In 2011, one of the treaties signed was the International Covenant on Civil and Political Rights. Part II, Art II provided that "Each State Party to the present Covenant undertakes to respect and to ensure to all individuals within its territory and subject to its jurisdiction the rights recognised in the present Covenant, without distinction of any kind, such as…… religion…..birth or other status". This can be found in accordance with Art. 18 of the Universal Declaration of Human Rights, everyone has the right to freedom of thought, conscience and religion... and freedom, either alone or in community with others and in public or private, to manifest his religion or belief in teaching, practice, worship and observance.

In accordance with this human right the Constitution of Palau states that in respect of religious freedom; "The Govt shall take no action to deny or impair the freedom of conscience or of philosophical or religious belief of any person nor take any action to compel, prohibit or hinder the exercise of religion. The Government shall not recognized or establish a national religion, but may provide assistance to private or parochial schools on a fair and equitable basis for non-religious purposes" (Article IV, Section I of the Constitution).

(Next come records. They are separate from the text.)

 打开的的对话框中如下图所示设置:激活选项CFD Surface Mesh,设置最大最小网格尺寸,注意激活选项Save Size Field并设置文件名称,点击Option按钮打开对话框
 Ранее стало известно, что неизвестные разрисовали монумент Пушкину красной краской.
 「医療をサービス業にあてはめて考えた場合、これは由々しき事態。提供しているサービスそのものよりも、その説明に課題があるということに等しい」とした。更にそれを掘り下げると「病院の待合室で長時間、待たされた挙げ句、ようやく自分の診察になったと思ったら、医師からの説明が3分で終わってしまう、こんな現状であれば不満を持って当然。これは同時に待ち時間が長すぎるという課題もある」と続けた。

It further states that; "The Government shall take no action to discriminate against any person on the basis of sex, race, place of origin, language, religion or belief, social status or clan affiliation except for the preferential treatment of citizens, for protection of minors, elderly, indigent, physically or mentally handicapped, and other similar groups, and in matters concerning intr[a]state succession and domestic relations" (Art IV). Palau generally respects a person's religious freedom with not only the Constitution in place to protect individual's rights, but other laws and policies.

While religious organizations have to apply to register with the Government, they are never denied. Further there are no reports of Religious discrimination based on belief or practice from any individual from the state and as mentioned above, while the government does not sponsor nor promote religious groups and activities (including public schools), representatives of any religious group may request financial support for religious schools. The Government also observes Christmas as a national holiday, due to the vast majority of the population being Christian.

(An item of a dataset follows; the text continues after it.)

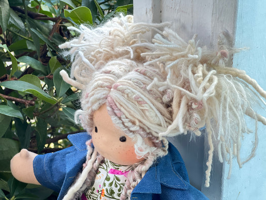 Every Sitting Doll is a one-of-a-kind heirloom treasure, lovingly handmade by our Bamboletta team here on the West Coast of Canada. Price variations reflect differences in hair type, clothing, and sweaters.

It is estimated that the population of Palau is around 21,000 with the largest domination being Roman Catholic making up 65% of the population. Other religions include Evangelical Church with around 2000 followers, Seventh-day Adventists around 1000, Modekengei (unique to the country) 1800, Latter Day Saints are around 300, and the smallest group is Jehovah's Witnesses who are around 90.

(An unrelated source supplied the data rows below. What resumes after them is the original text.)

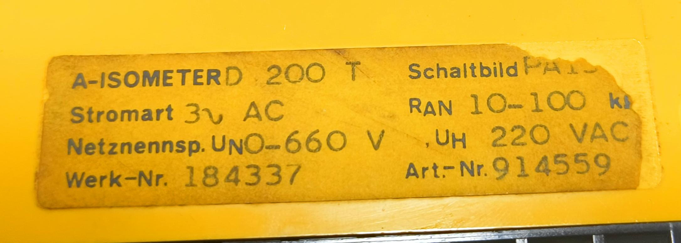 BENDER A-ISOMETER D200 Insulation Monitoring Device 0-660V, 50-400Hz WORK NO : 184337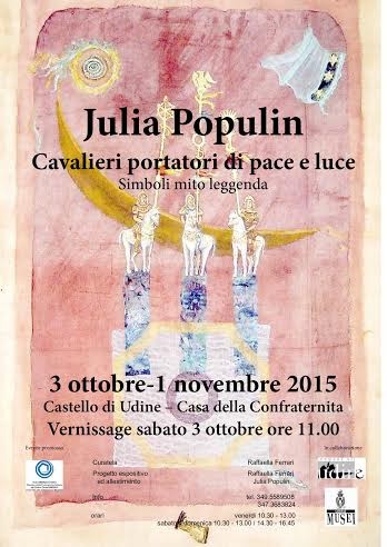 In data 3 ottobre 2015 alle ore 11.00 sarà inaugurata, presso la Casa della Confraternita – Castello di Udine, la mostra personale dell’Artista Julia Populin: “Cavalieri portatori di pace e luce. Simboli, mito, leggenda”. La mostra è promossa dal Club Unesco di Udine in collaborazione con il Comune di Udine e i Civici Musei e curata dal critico d’arte Raffaella Ferrari. La mostra sarà aperta al pubblico dal 3 ottobre 2015 al 1 novembre 2015 durante i fine settimana con i seguenti orari: venerdi 10.30-13.00, sabato e domenica 10.30-13.00 / 14.30-16.45.
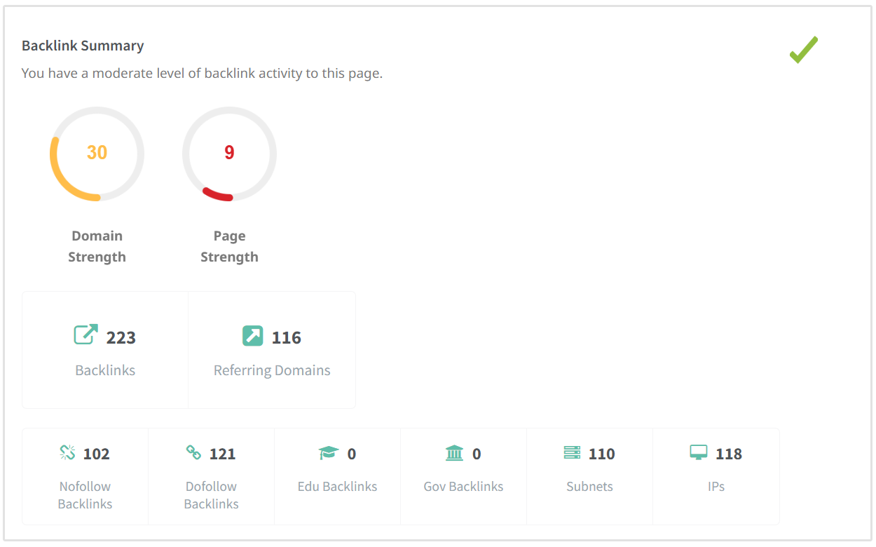 Avec chaque rapport que vous exécutez, vous verrez une analyse de [backlink] de votre domaine montrant la [Force du Domaine], la [Force de la Page], le nombre de [backlinks], le nombre de liens [dofollow], et le nombre total de domaines référents pointant vers la page d'accueil.

The Government continues to ban work permits for citizens of Bangladesh, India and Sri Lanka. The Bangladesh ban was imposed in 1998 while the India and Sri Lanka ban occurred in 2001. These bans were largely motivated due to employers complaints that non-Christian religious practices were interfering in living arrangements of employee families and activities in the work place. Workers from these countries who were already in Palau were not deported and the small Islamic Community of 400 from Bangladesh continues to be allowed to conduct prayers at work during the day and in their own homes. There does not seem to be impediments to their practice of religion or to their continued employment.